01 - Combine ground flaxseed with water in a small bowl and let sit for 5 minutes to thicken.
02 - In a large bowl, mash black beans with a fork or potato masher, leaving some texture.
03 - Add oats, red onion, grated carrot, minced garlic, tomato paste, soy sauce, smoked paprika, cumin, chili powder, salt, and black pepper to the mashed beans.
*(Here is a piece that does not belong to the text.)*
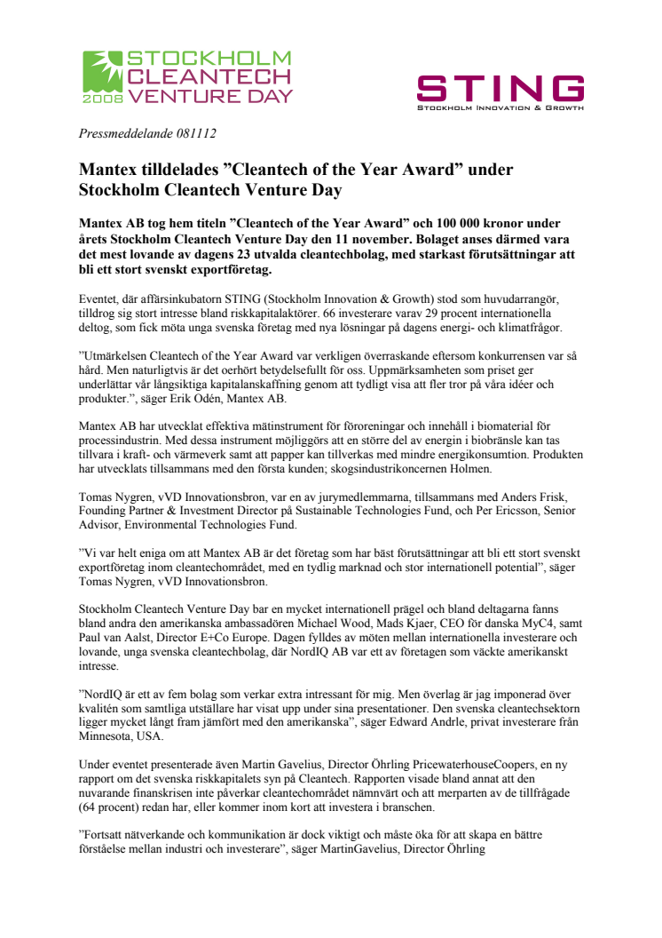 Mantex AB tog hem titeln "Cleantech of the Year Award" och 100 000 kronor under årets Stockholm Cleantech Venture Day den 11 november. Bolaget anses därmed vara det mest lovande av dagens 23 utvalda cleantechbolag, med starkast förutsättningar att bli ett stort svenskt exportföretag.

Stir until evenly mixed.
04 - Incorporate the thickened flaxseed mixture into the bean mixture and blend thoroughly.
05 - Allow the mixture to rest for 5 minutes to absorb moisture.
06 - Divide the mixture into 4 equal portions and shape each into a patty.
07 - Warm olive oil in a large nonstick skillet over medium heat.
08 - Fry patties for 5 to 6 minutes on each side until crisp and golden brown.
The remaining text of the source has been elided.